The red-faced man smiled. “Leila here says I’ve lost all my manners down here and I reckon she’s right.” He stepped outside and tossed the cigarette onto the cobblestones.
“His wife shook her head in mock disgust. “Men?” she said, as if it were a question. Then she gave the elderly woman a conspiratorial smile. “Y’all certain you don’t want to sell that painting?” Her drawl seemed to be getting thicker.
Her husband chuckled. “I know where this is going,” he said. He dipped a fat hand into his pants pocket and pulled out a folded wad of pesos. I don’t know why it is, but I don’t think I’ve ever seen a Texan use a wallet in San Miguel. Hell, maybe they don’t use them in Texas either.
He flipped through a stack of one-hundred peso notes and said, “Just tell me when to stop.”
The elderly woman shot me a glance and I raised an eyebrow. I think she knew they were going to keep on until they got what they wanted. They just seemed like the type.
“She can’t sell you that painting because I already bought it,” I said.
That did nothing to slow down the husband. “Then how much do you want for it?” he said, still flipping bills.
“You know what?” said the elderly woman. “Why don’t you just take it.”
The husband stopped flipping through his money and gave his wife a look of surprise. “Hold on there,” he said. “We mean to pay for it. Just tell me how much.”
“It doesn’t matter,” said the elderly woman. “Please. Just take it.”
Telling them they could have the painting took all the fun out of it for them, of course. They looked at each other, confused, and then the woman reminded Darryl that they were late for a lunch engagement at Villa Jacaranda and they hurried out into the late afternoon glare of Aldama without looking back.
When they were gone, I apologized to the elderly woman. I don’t know why. I guess I just felt bad that this Texan couple had been so unpleasant. She asked me if I’d like a cup of tea and I didn’t but I told her that would be lovely. We sat in her living room, with most of her possessions spilling out of cardboard boxes, and she told me about her husband working for the military and then being posted in Mexico City—“This was way back during Eisenhower,” she said, “when living in Mexico was quite an adventure.” Then she mentioned again how much they’d both loved San Miguel.
I asked her if her husband was buried in the panteon outside of town. “No,” she said. “Neither one of us ever liked that place. Too sterile. At least the American section.” Then she pointed towards one of the beautiful Talavera vases. “He’s in that,” she said. “I had him cremated.
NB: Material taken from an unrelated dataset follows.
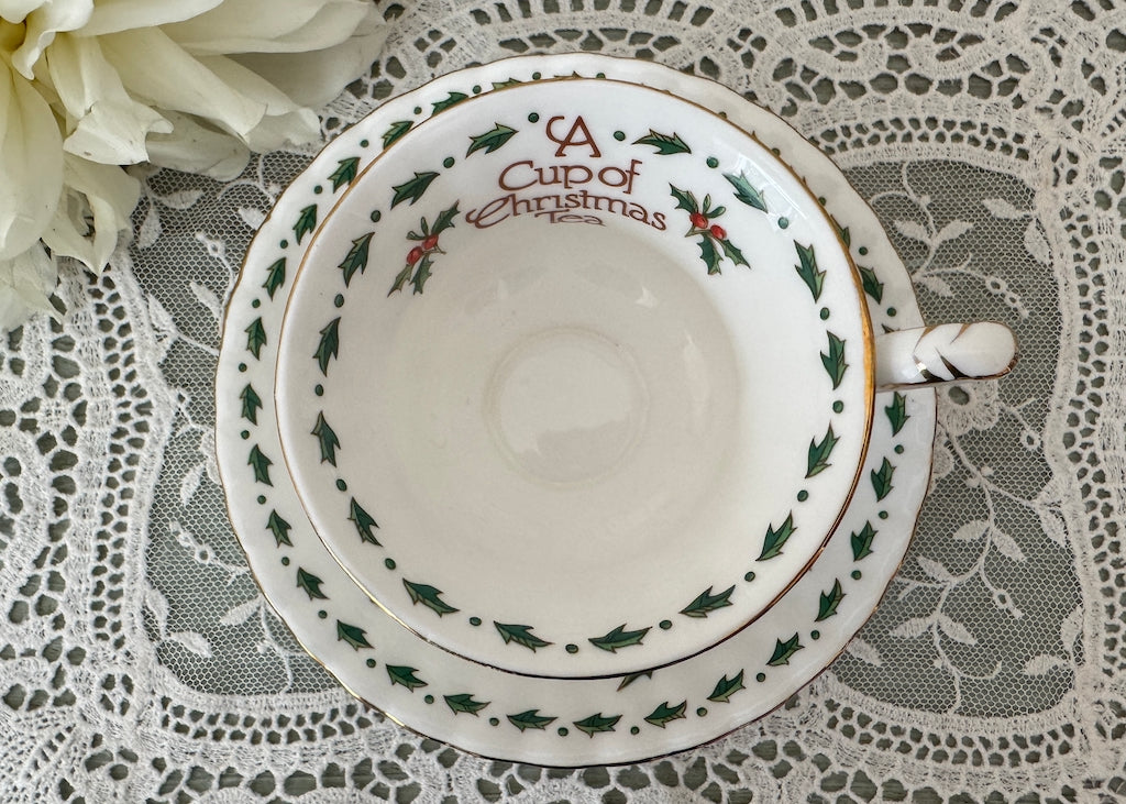A darling Christmas teacup. Features sprays of Christmas holly. The inside of the teacup has "A Cup of Christmas Tea." Gold trim.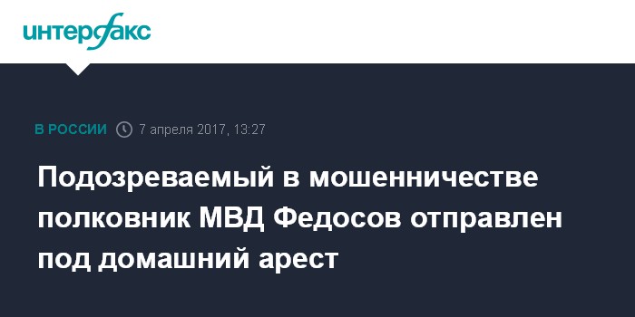Подозреваемый в мошенничестве полковник МВД Федосов отправлен под домашний арест

Don’t know what I’ll do with him when I get home.” She was silent for a moment and then said, “Too much to think about.”
I smiled and thanked her for the tea and told her I had to be going.
“Would you do me a favor?” she asked as I stood up.
“Would you take that painting with you?” It was the watercolor her husband had painted.
“I really couldn’t,” I said. “Now that I know what it means to you.”
“But that’s just it,” she said. “I somehow feel like that Texan couple were giving me a message to find a better home for that painting. And I don’t know why, but I just feel certain that you’re the one who should have it.”
I tried to pay her for it but she refused my money. “It’s a gift,” she said. “Take care of it and maybe down the line you can give it to someone else sometime. My husband would like that.”
I carefully pried the painting off the wall and carried it under my arm down Aldama street. In the evening I hung it on the pale blue wall of my living room, facing the Parroquia.